WORK ITEM -
From the first line of the data through the line containing "In the pop-up", transcribe each line exactly. Pictures do not belong in the copy.

GIVEN MATERIAL -

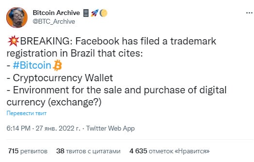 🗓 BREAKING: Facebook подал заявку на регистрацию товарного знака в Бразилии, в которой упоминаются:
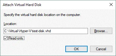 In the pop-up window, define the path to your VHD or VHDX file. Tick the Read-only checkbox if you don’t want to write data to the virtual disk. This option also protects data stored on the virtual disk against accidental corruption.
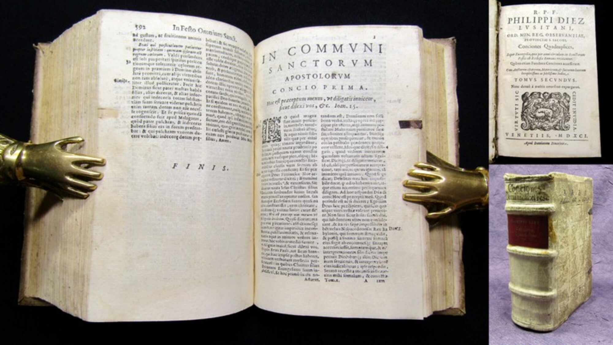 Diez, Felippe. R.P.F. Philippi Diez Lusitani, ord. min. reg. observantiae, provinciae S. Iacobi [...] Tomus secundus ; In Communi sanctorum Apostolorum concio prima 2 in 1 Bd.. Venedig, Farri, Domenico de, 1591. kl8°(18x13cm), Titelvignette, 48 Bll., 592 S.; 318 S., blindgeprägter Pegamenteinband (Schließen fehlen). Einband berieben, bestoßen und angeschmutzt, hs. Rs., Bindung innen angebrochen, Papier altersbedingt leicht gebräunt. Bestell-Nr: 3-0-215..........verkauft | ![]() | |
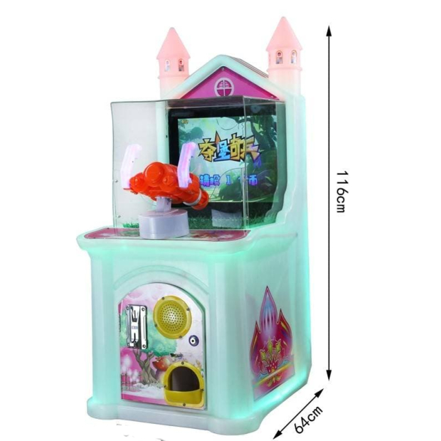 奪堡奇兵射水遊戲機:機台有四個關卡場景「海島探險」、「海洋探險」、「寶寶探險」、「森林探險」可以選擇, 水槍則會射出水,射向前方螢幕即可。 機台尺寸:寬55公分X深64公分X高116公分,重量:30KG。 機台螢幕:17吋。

SOLVED PROBLEM -
 🗓 BREAKING: Facebook подал заявку на регистрацию товарного знака в Бразилии, в которой упоминаются:
 In the pop-up window, define the path to your VHD or VHDX file. Tick the Read-only checkbox if you don’t want to write data to the virtual disk. This option also protects data stored on the virtual disk against accidental corruption.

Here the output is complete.